Return only the lines of the data below from the line with "虹觅Olite的佩戴同样比较" up to and including the line with "ビジネスグロース部は、マーケ", exactly as written, with the pictures omitted.

**Record extracts:**
════════════════════
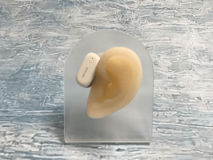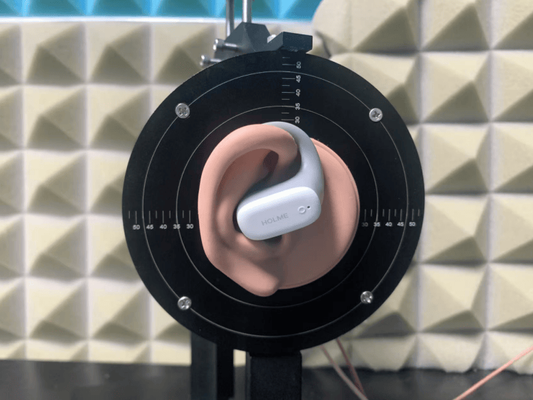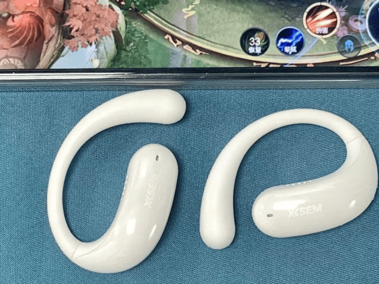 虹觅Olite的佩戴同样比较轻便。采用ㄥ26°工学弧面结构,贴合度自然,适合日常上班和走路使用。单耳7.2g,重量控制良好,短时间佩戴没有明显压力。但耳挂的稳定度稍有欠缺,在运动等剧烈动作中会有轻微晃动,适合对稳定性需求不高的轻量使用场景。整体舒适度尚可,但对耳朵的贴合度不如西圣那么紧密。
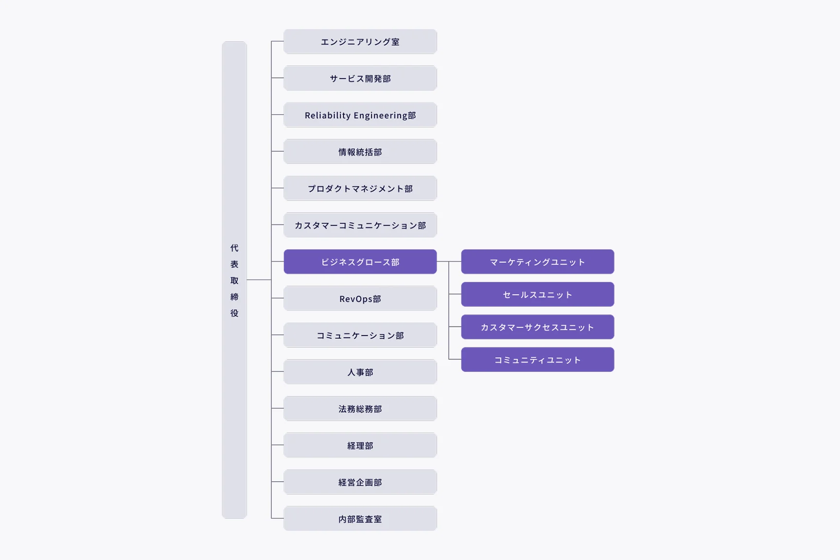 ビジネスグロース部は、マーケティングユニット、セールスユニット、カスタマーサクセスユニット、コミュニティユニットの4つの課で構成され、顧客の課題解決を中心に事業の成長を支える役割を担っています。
════════════════════
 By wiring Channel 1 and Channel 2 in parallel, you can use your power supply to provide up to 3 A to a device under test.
════════════════════
**Your response:**
 虹觅Olite的佩戴同样比较轻便。采用ㄥ26°工学弧面结构,贴合度自然,适合日常上班和走路使用。单耳7.2g,重量控制良好,短时间佩戴没有明显压力。但耳挂的稳定度稍有欠缺,在运动等剧烈动作中会有轻微晃动,适合对稳定性需求不高的轻量使用场景。整体舒适度尚可,但对耳朵的贴合度不如西圣那么紧密。
 ビジネスグロース部は、マーケティングユニット、セールスユニット、カスタマーサクセスユニット、コミュニティユニットの4つの課で構成され、顧客の課題解決を中心に事業の成長を支える役割を担っています。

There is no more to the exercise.